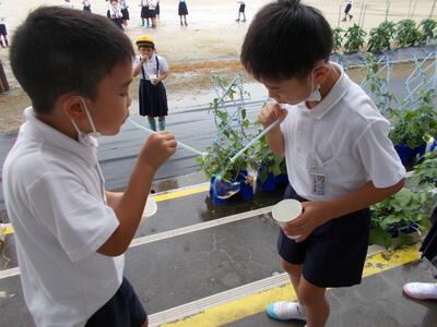 最初はなかなかうまくいかない子どもたちもいましたが、ストローのさきをはさみで切って広げると・・・
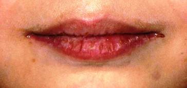 Our little patient showed an intraoral clinical condition very similar to father's, moreover, the patient was affected by a bilateral angular cheilitis. (Fig.3,4)
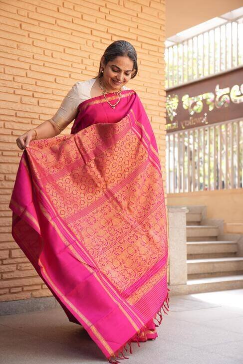 This Kanjeevaram saree treasures exquisite yet dainty zari wovens body and an exravagant double pallu with ganda berunda motifs
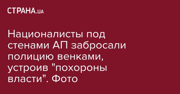 Националисты под стенами АП забросали полицию венками, устроив "похороны власти". Фото
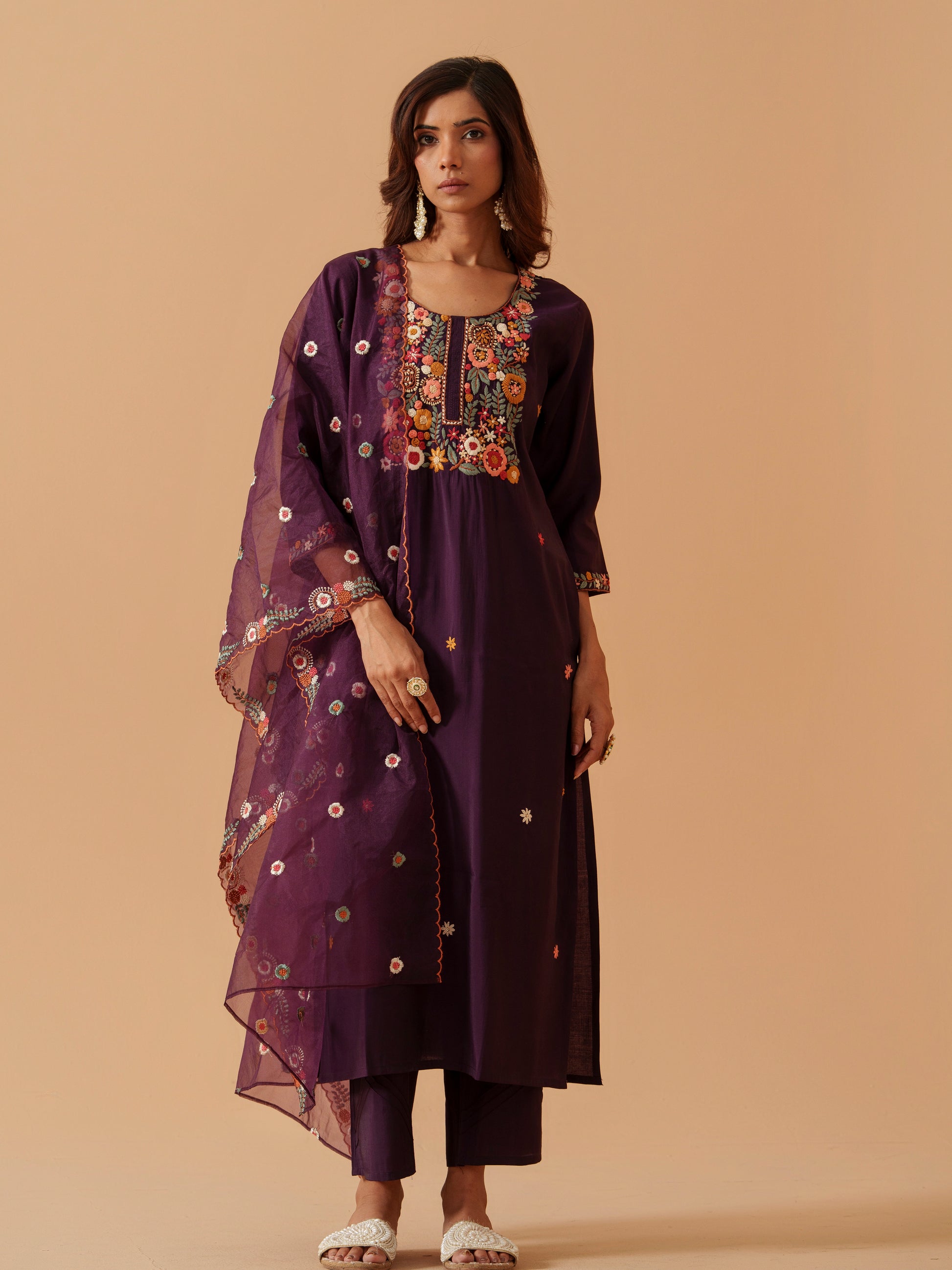 Floral Embroidered Straight Kurta With Trousers And Dupatta
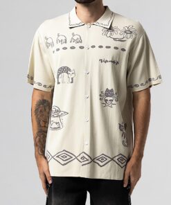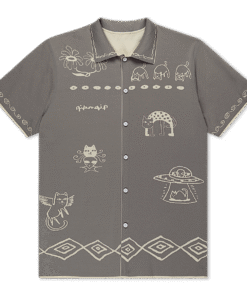 65% Viscos 35% Poly Knitted Button Up All Over Blonded Graphic 100% Reversible
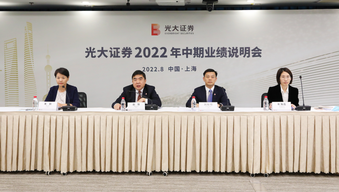 8月26日,光大证券在上证路演中心、路演中等平台直播召开2022年度中期业绩说明会。光大证券董事长赵陵,总裁刘秋明,副总裁、董事会秘书朱勤出席,与来自瑞银、国泰君安、兴业证券等境内外知名机构分析师、投资者及媒体记者围绕公司2022年上半年业绩情况及公司下阶段战略发展布局、业务协同、财富管理转型、投行业务以及资管业务等市场关注热点问题开展深入沟通交流。
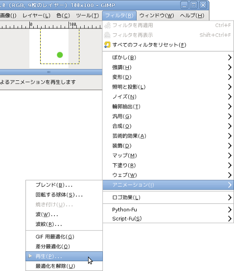 とりあえずアニメーションとして動かすには、[フィルタ]-[アニメーション]-[再生]
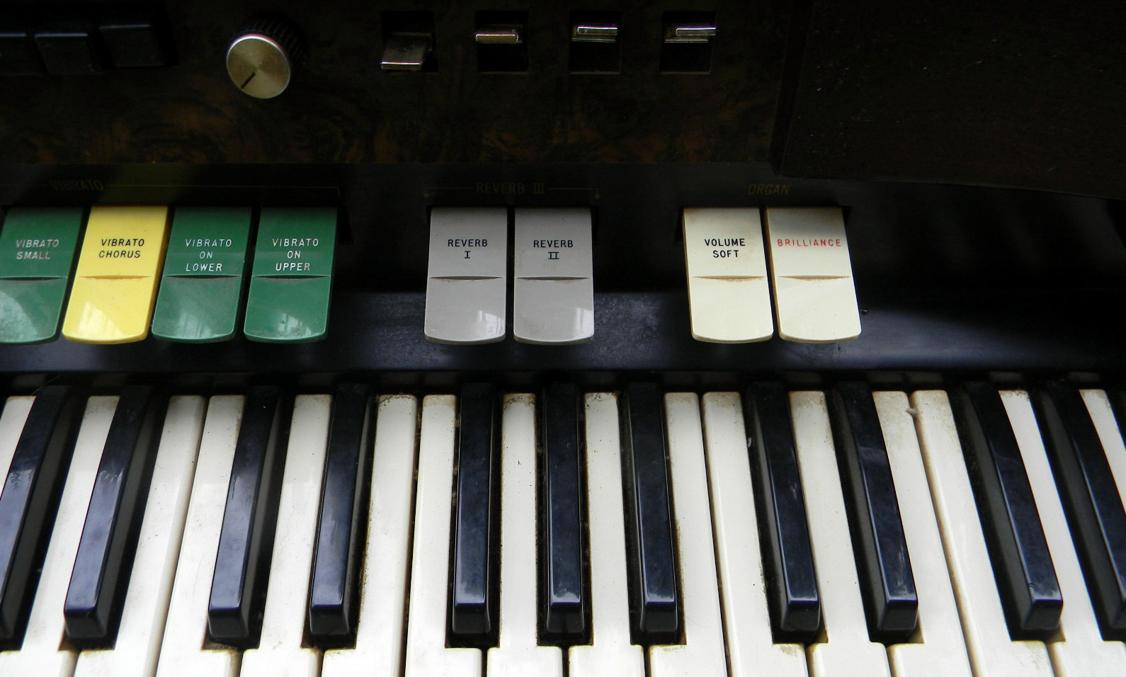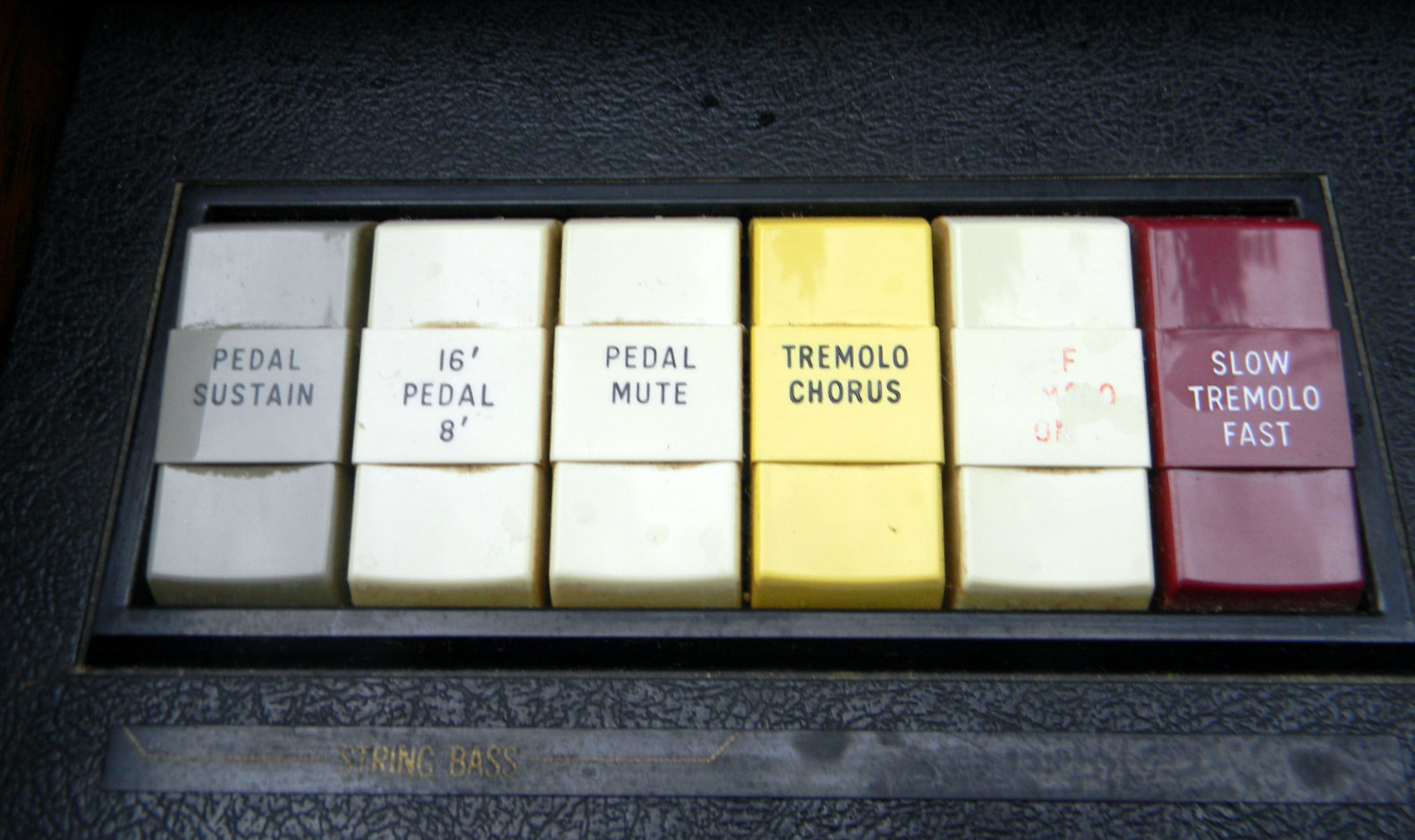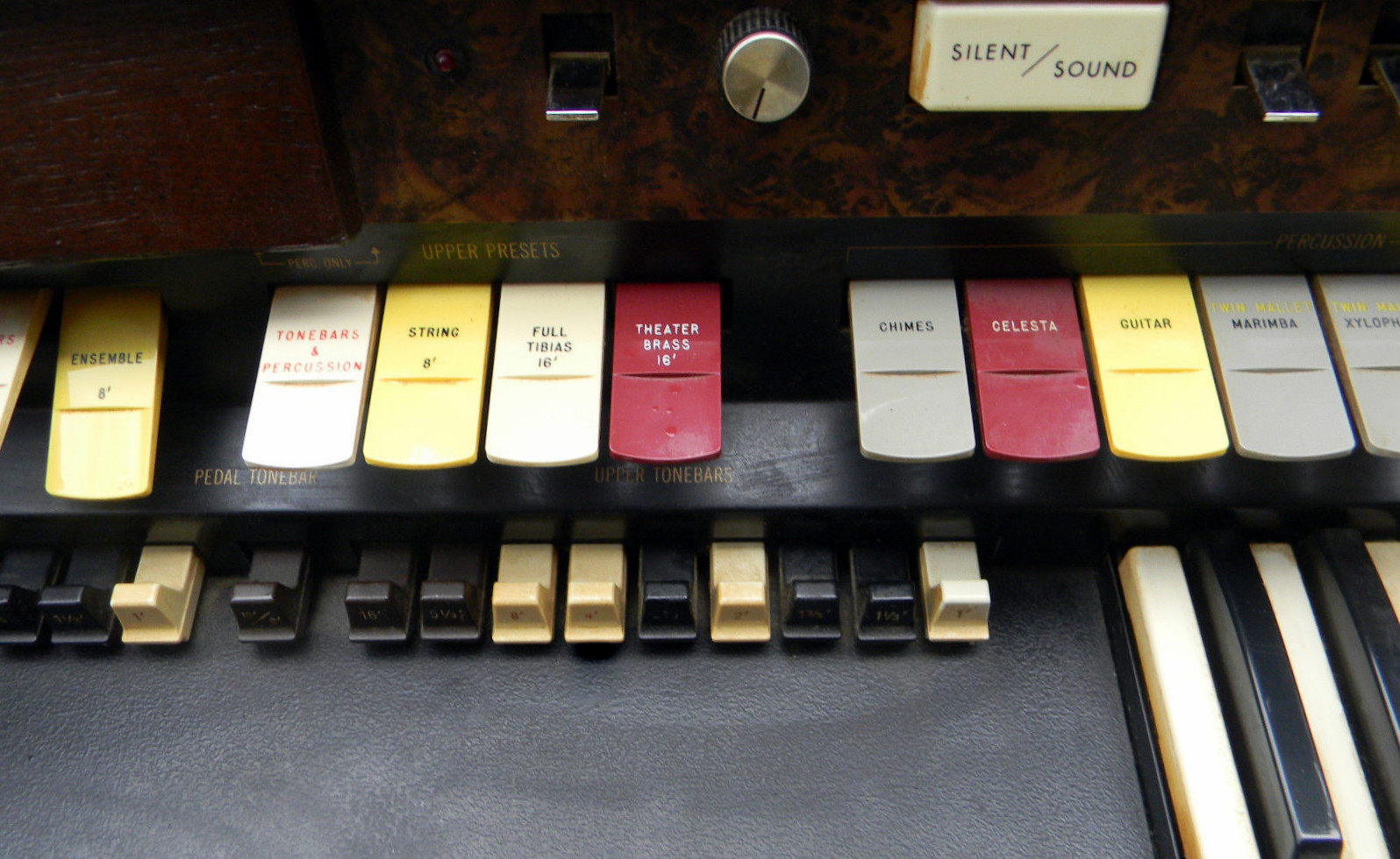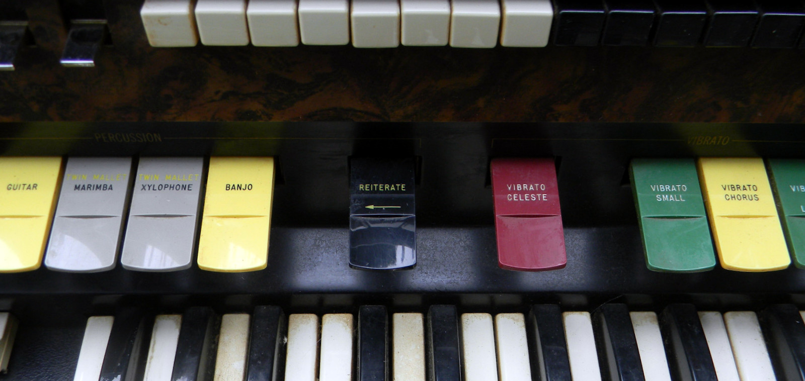 Maar er is iets speciááls aan de hand; want luidsprekerboxen kunnen er aan beide zijden uitgeschoven worden en enkele meters van het orgel geplaatst worden voor een grotere klankspreiding.
- - - -
» ASSIGNMENT
Reproduce the listing exactly. Leave its pictures out.

» RESPONSE BOX
 最初はなかなかうまくいかない子どもたちもいましたが、ストローのさきをはさみで切って広げると・・・
 Our little patient showed an intraoral clinical condition very similar to father's, moreover, the patient was affected by a bilateral angular cheilitis. (Fig.3,4)
 This Kanjeevaram saree treasures exquisite yet dainty zari wovens body and an exravagant double pallu with ganda berunda motifs
 Националисты под стенами АП забросали полицию венками, устроив "похороны власти". Фото
 Floral Embroidered Straight Kurta With Trousers And Dupatta
 65% Viscos 35% Poly Knitted Button Up All Over Blonded Graphic 100% Reversible
 8月26日,光大证券在上证路演中心、路演中等平台直播召开2022年度中期业绩说明会。光大证券董事长赵陵,总裁刘秋明,副总裁、董事会秘书朱勤出席,与来自瑞银、国泰君安、兴业证券等境内外知名机构分析师、投资者及媒体记者围绕公司2022年上半年业绩情况及公司下阶段战略发展布局、业务协同、财富管理转型、投行业务以及资管业务等市场关注热点问题开展深入沟通交流。
 とりあえずアニメーションとして動かすには、[フィルタ]-[アニメーション]-[再生]
 Maar er is iets speciááls aan de hand; want luidsprekerboxen kunnen er aan beide zijden uitgeschoven worden en enkele meters van het orgel geplaatst worden voor een grotere klankspreiding.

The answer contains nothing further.